Goal of the exercise:
Reproduce the lines below verbatim. Pictures are to be omitted.

[Stored items]

• • • • • • •

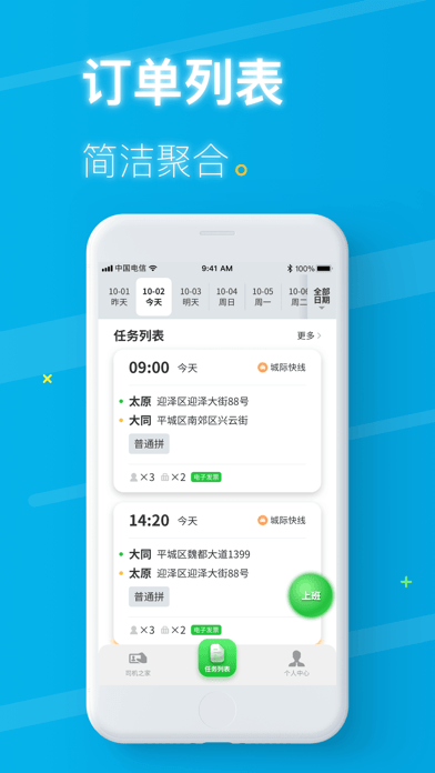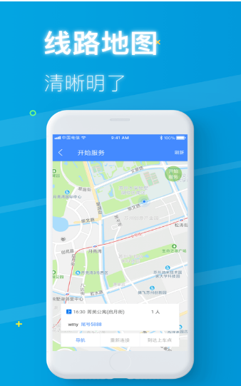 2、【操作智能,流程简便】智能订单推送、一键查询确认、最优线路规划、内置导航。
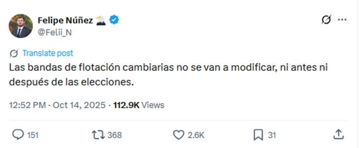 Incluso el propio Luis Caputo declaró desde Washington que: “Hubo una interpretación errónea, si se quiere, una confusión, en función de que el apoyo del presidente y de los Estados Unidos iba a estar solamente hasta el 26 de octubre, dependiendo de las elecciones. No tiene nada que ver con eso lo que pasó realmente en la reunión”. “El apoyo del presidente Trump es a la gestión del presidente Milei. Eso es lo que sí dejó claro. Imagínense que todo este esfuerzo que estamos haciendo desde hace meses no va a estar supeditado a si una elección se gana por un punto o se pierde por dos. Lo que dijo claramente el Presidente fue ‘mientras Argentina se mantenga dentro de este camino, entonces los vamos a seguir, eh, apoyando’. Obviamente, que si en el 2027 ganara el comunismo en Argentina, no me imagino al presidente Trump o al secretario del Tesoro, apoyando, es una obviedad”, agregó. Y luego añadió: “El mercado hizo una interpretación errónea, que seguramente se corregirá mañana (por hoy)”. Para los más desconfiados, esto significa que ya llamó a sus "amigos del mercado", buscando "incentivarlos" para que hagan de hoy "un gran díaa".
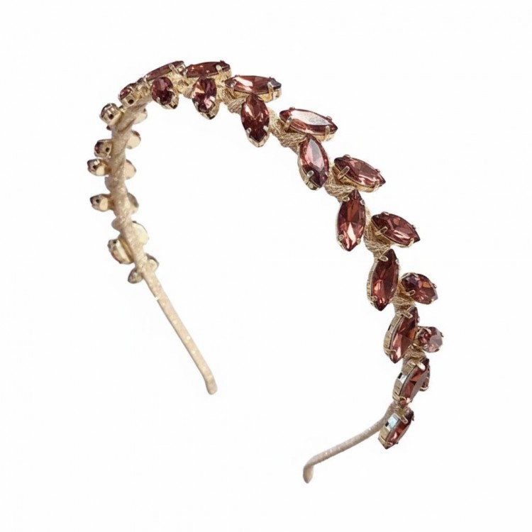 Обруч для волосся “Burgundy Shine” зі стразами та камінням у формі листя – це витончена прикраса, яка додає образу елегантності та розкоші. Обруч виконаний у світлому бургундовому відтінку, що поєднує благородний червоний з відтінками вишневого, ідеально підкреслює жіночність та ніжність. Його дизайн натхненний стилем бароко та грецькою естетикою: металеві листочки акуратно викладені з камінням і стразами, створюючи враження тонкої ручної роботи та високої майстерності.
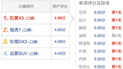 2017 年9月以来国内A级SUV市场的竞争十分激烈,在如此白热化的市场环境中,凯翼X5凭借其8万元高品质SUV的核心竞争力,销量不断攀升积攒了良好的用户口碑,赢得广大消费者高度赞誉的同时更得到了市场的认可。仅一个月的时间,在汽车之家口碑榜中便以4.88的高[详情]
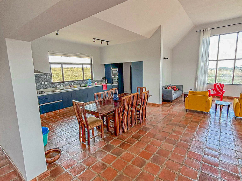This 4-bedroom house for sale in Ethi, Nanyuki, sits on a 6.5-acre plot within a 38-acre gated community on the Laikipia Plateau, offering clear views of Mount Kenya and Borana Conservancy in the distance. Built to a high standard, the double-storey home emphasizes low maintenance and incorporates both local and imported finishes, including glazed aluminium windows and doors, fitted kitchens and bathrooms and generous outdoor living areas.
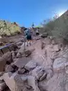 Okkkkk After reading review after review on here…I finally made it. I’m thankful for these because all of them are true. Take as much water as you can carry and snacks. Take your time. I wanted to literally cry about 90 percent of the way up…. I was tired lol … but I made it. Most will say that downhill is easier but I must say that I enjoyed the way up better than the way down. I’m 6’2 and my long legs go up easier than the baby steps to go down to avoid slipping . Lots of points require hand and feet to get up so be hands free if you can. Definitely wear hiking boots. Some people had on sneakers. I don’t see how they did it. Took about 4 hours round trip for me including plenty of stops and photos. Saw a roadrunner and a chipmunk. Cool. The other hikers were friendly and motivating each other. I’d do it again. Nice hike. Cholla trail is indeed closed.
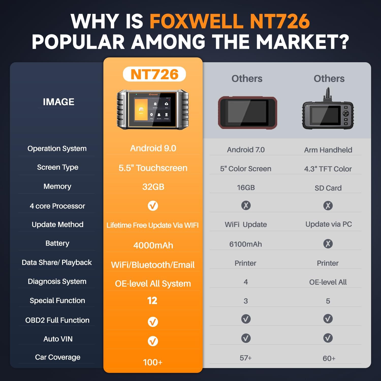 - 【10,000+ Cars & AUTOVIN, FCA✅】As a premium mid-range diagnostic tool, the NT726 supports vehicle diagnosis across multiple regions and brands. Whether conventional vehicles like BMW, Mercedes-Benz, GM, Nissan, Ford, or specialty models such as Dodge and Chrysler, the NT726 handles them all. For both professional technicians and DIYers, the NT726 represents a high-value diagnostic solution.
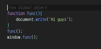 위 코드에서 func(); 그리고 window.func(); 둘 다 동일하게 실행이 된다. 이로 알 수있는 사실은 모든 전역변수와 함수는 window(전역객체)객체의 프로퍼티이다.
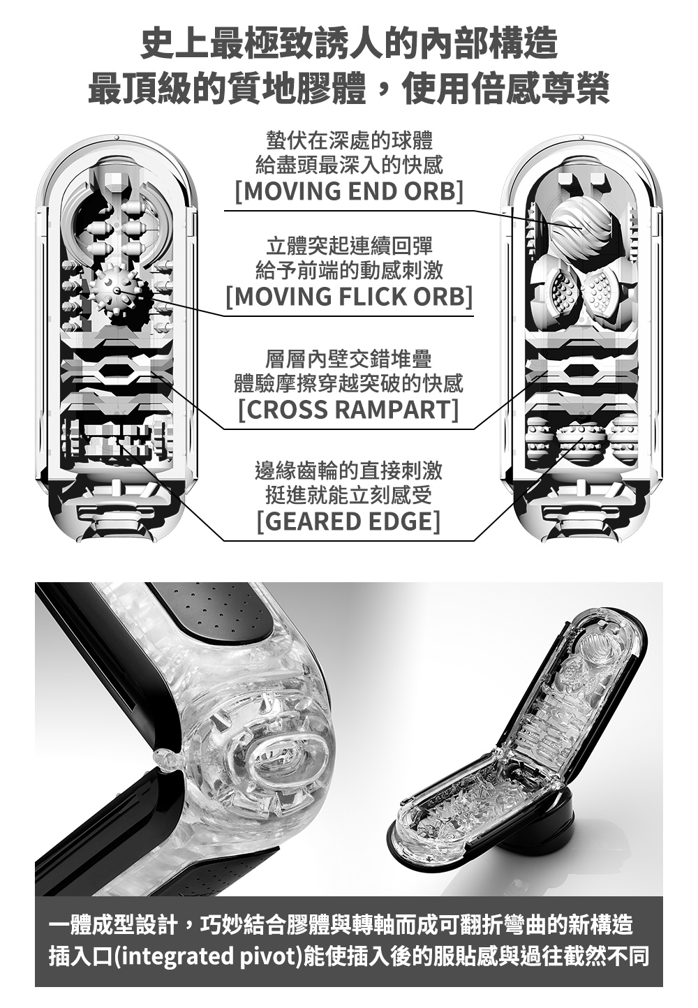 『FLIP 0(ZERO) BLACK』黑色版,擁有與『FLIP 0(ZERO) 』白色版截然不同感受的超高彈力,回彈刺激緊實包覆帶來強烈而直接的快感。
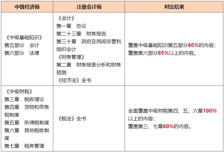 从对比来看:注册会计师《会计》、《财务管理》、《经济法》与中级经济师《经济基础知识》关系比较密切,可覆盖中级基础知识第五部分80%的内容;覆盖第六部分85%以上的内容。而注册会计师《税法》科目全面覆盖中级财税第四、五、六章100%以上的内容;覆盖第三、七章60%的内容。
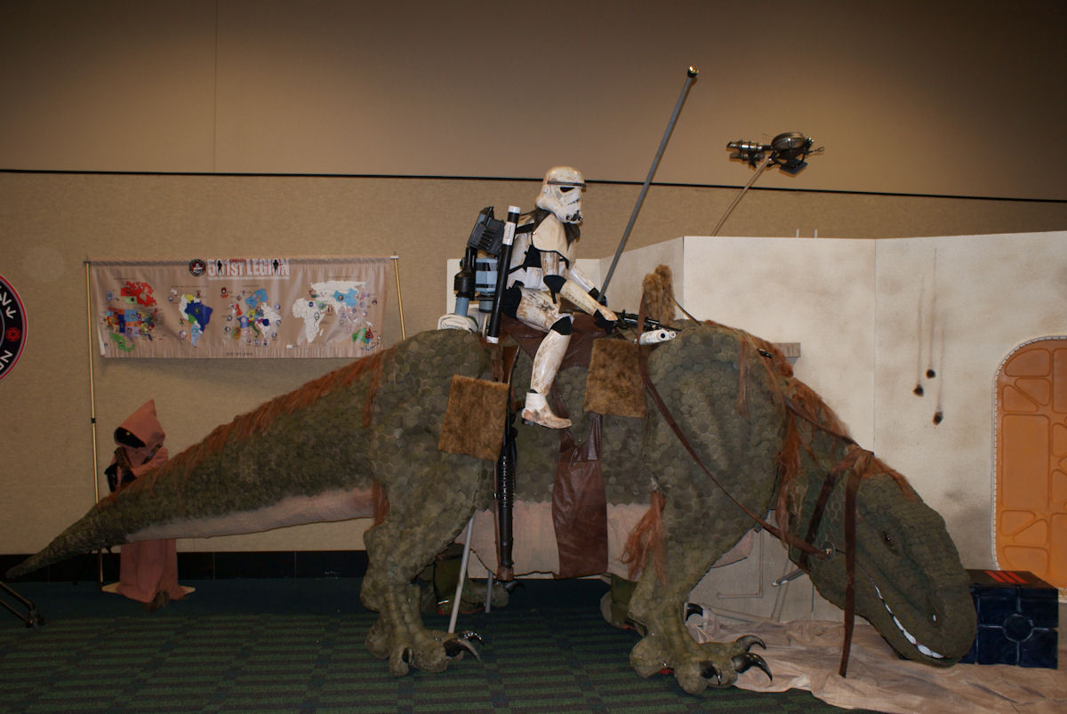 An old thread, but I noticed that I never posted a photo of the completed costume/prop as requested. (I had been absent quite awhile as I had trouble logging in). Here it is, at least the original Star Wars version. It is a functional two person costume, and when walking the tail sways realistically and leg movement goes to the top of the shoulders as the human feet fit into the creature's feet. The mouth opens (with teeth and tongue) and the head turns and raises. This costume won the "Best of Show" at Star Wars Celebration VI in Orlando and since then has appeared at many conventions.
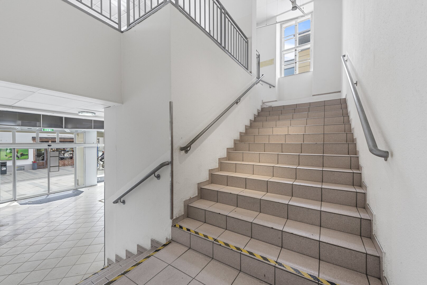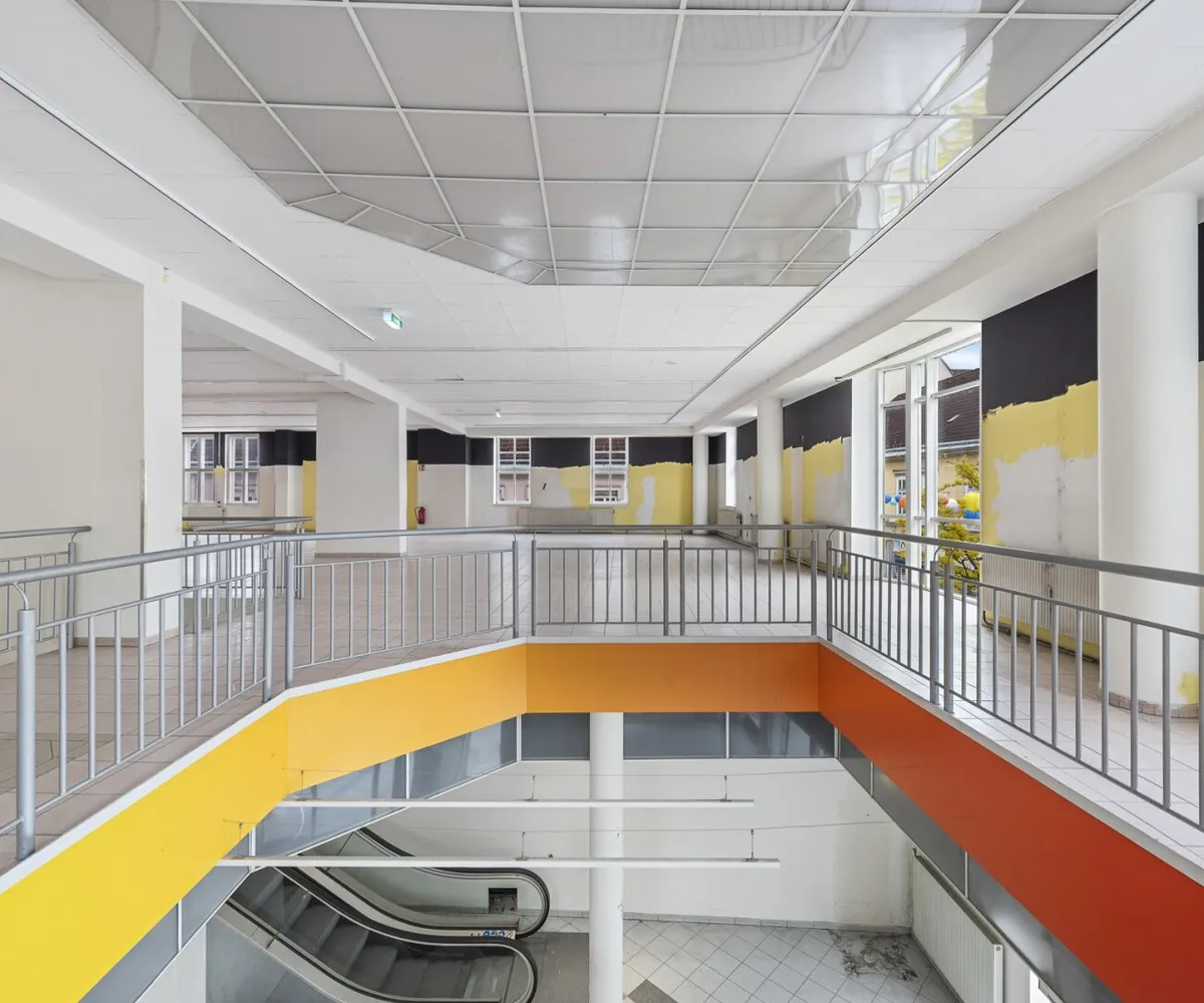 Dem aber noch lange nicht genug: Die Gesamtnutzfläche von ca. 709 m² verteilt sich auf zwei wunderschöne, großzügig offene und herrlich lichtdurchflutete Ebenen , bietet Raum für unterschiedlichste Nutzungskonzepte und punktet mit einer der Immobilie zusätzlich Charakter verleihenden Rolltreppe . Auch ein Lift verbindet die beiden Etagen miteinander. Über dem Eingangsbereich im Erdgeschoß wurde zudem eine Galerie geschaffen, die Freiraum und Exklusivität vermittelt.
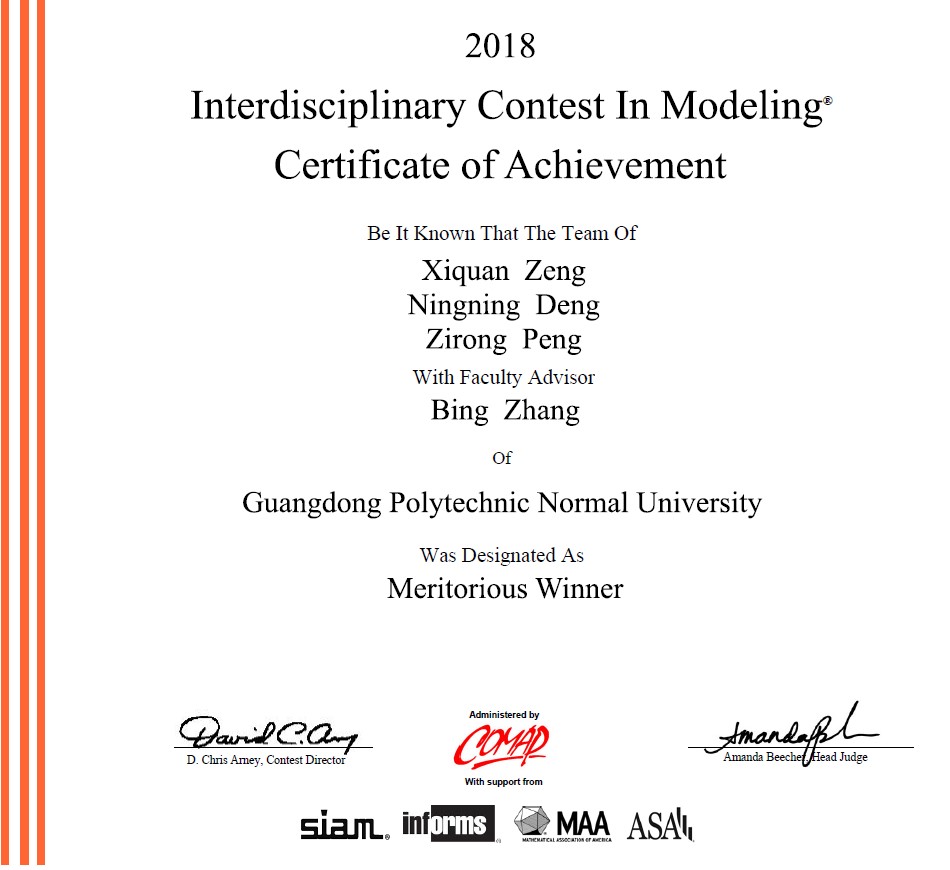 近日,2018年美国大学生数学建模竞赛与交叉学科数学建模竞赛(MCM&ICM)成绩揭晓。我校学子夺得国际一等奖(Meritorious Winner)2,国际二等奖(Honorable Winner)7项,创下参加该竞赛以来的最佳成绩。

• • • • • • •

Written reply:
 2、【操作智能,流程简便】智能订单推送、一键查询确认、最优线路规划、内置导航。
 Incluso el propio Luis Caputo declaró desde Washington que: “Hubo una interpretación errónea, si se quiere, una confusión, en función de que el apoyo del presidente y de los Estados Unidos iba a estar solamente hasta el 26 de octubre, dependiendo de las elecciones. No tiene nada que ver con eso lo que pasó realmente en la reunión”. “El apoyo del presidente Trump es a la gestión del presidente Milei. Eso es lo que sí dejó claro. Imagínense que todo este esfuerzo que estamos haciendo desde hace meses no va a estar supeditado a si una elección se gana por un punto o se pierde por dos. Lo que dijo claramente el Presidente fue ‘mientras Argentina se mantenga dentro de este camino, entonces los vamos a seguir, eh, apoyando’. Obviamente, que si en el 2027 ganara el comunismo en Argentina, no me imagino al presidente Trump o al secretario del Tesoro, apoyando, es una obviedad”, agregó. Y luego añadió: “El mercado hizo una interpretación errónea, que seguramente se corregirá mañana (por hoy)”. Para los más desconfiados, esto significa que ya llamó a sus "amigos del mercado", buscando "incentivarlos" para que hagan de hoy "un gran díaa".
 Обруч для волосся “Burgundy Shine” зі стразами та камінням у формі листя – це витончена прикраса, яка додає образу елегантності та розкоші. Обруч виконаний у світлому бургундовому відтінку, що поєднує благородний червоний з відтінками вишневого, ідеально підкреслює жіночність та ніжність. Його дизайн натхненний стилем бароко та грецькою естетикою: металеві листочки акуратно викладені з камінням і стразами, створюючи враження тонкої ручної роботи та високої майстерності.
 2017 年9月以来国内A级SUV市场的竞争十分激烈,在如此白热化的市场环境中,凯翼X5凭借其8万元高品质SUV的核心竞争力,销量不断攀升积攒了良好的用户口碑,赢得广大消费者高度赞誉的同时更得到了市场的认可。仅一个月的时间,在汽车之家口碑榜中便以4.88的高[详情]
This 4-bedroom house for sale in Ethi, Nanyuki, sits on a 6.5-acre plot within a 38-acre gated community on the Laikipia Plateau, offering clear views of Mount Kenya and Borana Conservancy in the distance. Built to a high standard, the double-storey home emphasizes low maintenance and incorporates both local and imported finishes, including glazed aluminium windows and doors, fitted kitchens and bathrooms and generous outdoor living areas.
 Okkkkk After reading review after review on here…I finally made it. I’m thankful for these because all of them are true. Take as much water as you can carry and snacks. Take your time. I wanted to literally cry about 90 percent of the way up…. I was tired lol … but I made it. Most will say that downhill is easier but I must say that I enjoyed the way up better than the way down. I’m 6’2 and my long legs go up easier than the baby steps to go down to avoid slipping . Lots of points require hand and feet to get up so be hands free if you can. Definitely wear hiking boots. Some people had on sneakers. I don’t see how they did it. Took about 4 hours round trip for me including plenty of stops and photos. Saw a roadrunner and a chipmunk. Cool. The other hikers were friendly and motivating each other. I’d do it again. Nice hike. Cholla trail is indeed closed.
 - 【10,000+ Cars & AUTOVIN, FCA✅】As a premium mid-range diagnostic tool, the NT726 supports vehicle diagnosis across multiple regions and brands. Whether conventional vehicles like BMW, Mercedes-Benz, GM, Nissan, Ford, or specialty models such as Dodge and Chrysler, the NT726 handles them all. For both professional technicians and DIYers, the NT726 represents a high-value diagnostic solution.
 위 코드에서 func(); 그리고 window.func(); 둘 다 동일하게 실행이 된다. 이로 알 수있는 사실은 모든 전역변수와 함수는 window(전역객체)객체의 프로퍼티이다.
 『FLIP 0(ZERO) BLACK』黑色版,擁有與『FLIP 0(ZERO) 』白色版截然不同感受的超高彈力,回彈刺激緊實包覆帶來強烈而直接的快感。
 从对比来看:注册会计师《会计》、《财务管理》、《经济法》与中级经济师《经济基础知识》关系比较密切,可覆盖中级基础知识第五部分80%的内容;覆盖第六部分85%以上的内容。而注册会计师《税法》科目全面覆盖中级财税第四、五、六章100%以上的内容;覆盖第三、七章60%的内容。
 An old thread, but I noticed that I never posted a photo of the completed costume/prop as requested. (I had been absent quite awhile as I had trouble logging in). Here it is, at least the original Star Wars version. It is a functional two person costume, and when walking the tail sways realistically and leg movement goes to the top of the shoulders as the human feet fit into the creature's feet. The mouth opens (with teeth and tongue) and the head turns and raises. This costume won the "Best of Show" at Star Wars Celebration VI in Orlando and since then has appeared at many conventions.
 Dem aber noch lange nicht genug: Die Gesamtnutzfläche von ca. 709 m² verteilt sich auf zwei wunderschöne, großzügig offene und herrlich lichtdurchflutete Ebenen , bietet Raum für unterschiedlichste Nutzungskonzepte und punktet mit einer der Immobilie zusätzlich Charakter verleihenden Rolltreppe . Auch ein Lift verbindet die beiden Etagen miteinander. Über dem Eingangsbereich im Erdgeschoß wurde zudem eine Galerie geschaffen, die Freiraum und Exklusivität vermittelt.
 近日,2018年美国大学生数学建模竞赛与交叉学科数学建模竞赛(MCM&ICM)成绩揭晓。我校学子夺得国际一等奖(Meritorious Winner)2,国际二等奖(Honorable Winner)7项,创下参加该竞赛以来的最佳成绩。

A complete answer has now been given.